Il loro esordio risale al lontano 1968: Sandy Denny ancora non è una dei Fairport ed intanto Judy Dyble prende il suo posto. Fra gli altri troviamo Ian McDonald (qualcuno penserà ai King Crimson, ma le mie fonti dicono che questo avesse poi fatto parte dei Pyramids -chi ne sa qualcosa me lo faccia sapere), Richard Thompson, Simon Nicol, Tyger Hutchings, e Martin Lamble. Se uno pensa ai successivi capolavori della band, o anche all'ottimo "What We Did On Our Holidays", rimane piuttosto deluso all'ascolto di questo disco, il quale si presenta più legato alla canzone anni '60 e meno al folk tradizionale (e poi la voce di Dyble è inferiore a quella di Denny!).

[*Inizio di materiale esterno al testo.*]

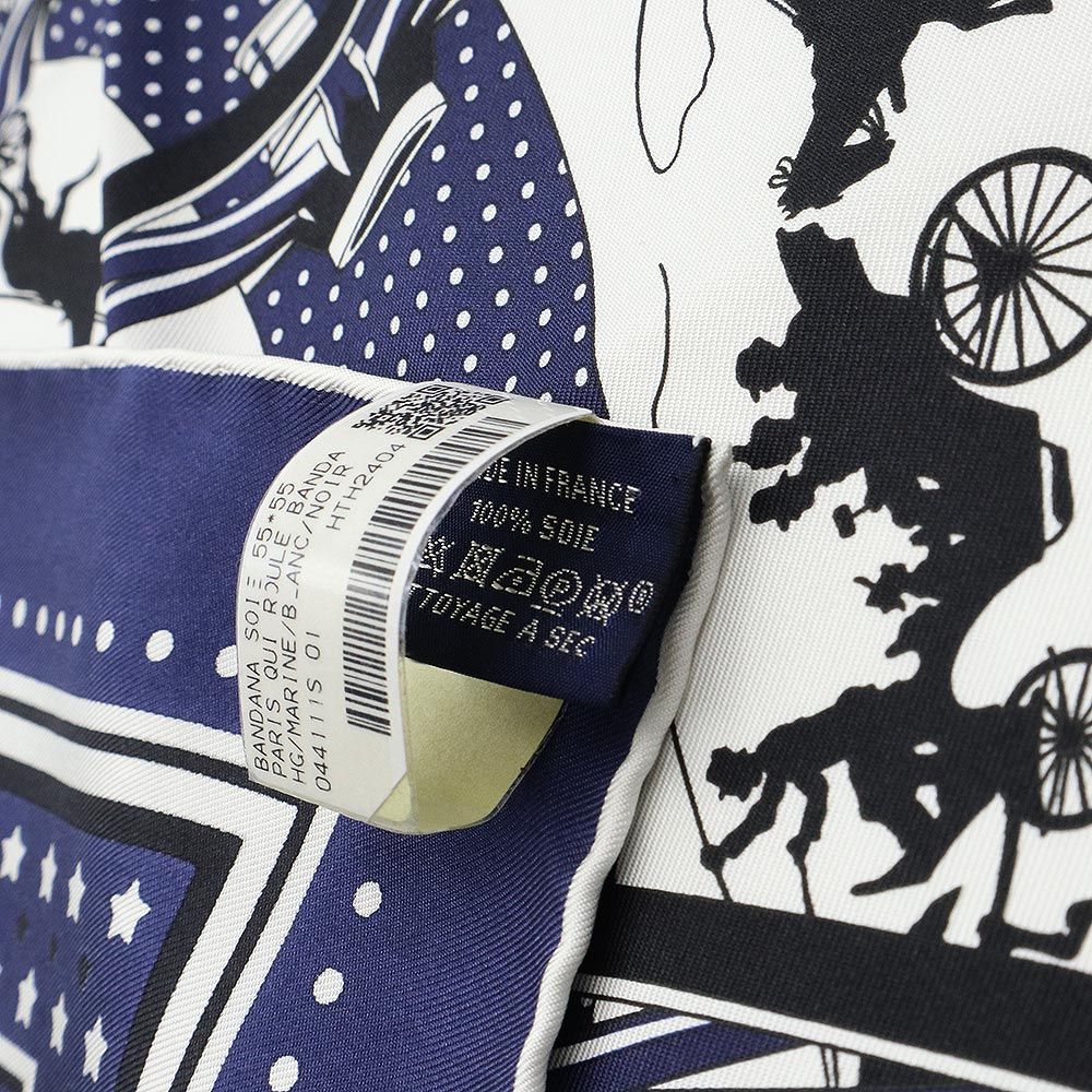 エルメス カレ 55 Paris Qui Roule Bandana 車輪でめぐるパリ バンダナ スカーフ シルク100% マリン マリーヌ ブラン ノワール ネイビー HERMES GLOBALQUALITYIMPORTS_COM

A distanza di vari anni "Fairport Convention" merita una rivalutazione per la sua eccellente tracklist: è impossibile non cedere al fascino e alla carica del riff di "Time Will Show The Whiser", oppure al dylaniano "Jack O'Diamonds". Dalla leggerezza di "If (Stomp)" alla delicata ballata di "Decameron", dalla "pseudo-psichedelia" di "Lobster" al nervoso country di "Mi Breakdown", respiriamo l'aria dell'Inghilterra del 1968, sempre pronta a sperimentare nuove sonorità senza abbandonare la tradizione. Joni Mitchell firma "Chelsea Morning" e la stupenda "I Don't Know Where I Stand", punto cardine di tutta l'opera. Interessanti sono la strumentale "Portfolio" e l'omaggio a Dylan "It's Alright Ma It's Only Witchcraft".

Il successivo "What We Did On Our Holidays" si mostra oggettivamente molto più maturo e ricercato nei suoni, ma perde (anche se in minima parte) la spontaneità dell'esordio. Gli ingredienti saranno sempre gli stessi: cover di Dylan, brani di Joni Mitchell, qualche brano di produzione propria, più qualche traditional. Ma la nuova cantante, le chitarre più distorte e la maggiore professionalità ne faranno un'opera leggermente superiore alla precedente.

A parte questo, "Fairport Convention" è un album di ottimo folk elettrico, senza troppe pretese, che comunque non cade mai nella banalità di molte opere contemporanee. Con questo concludo, senza dilungarmi inutilmente in ulteriori approfondimenti.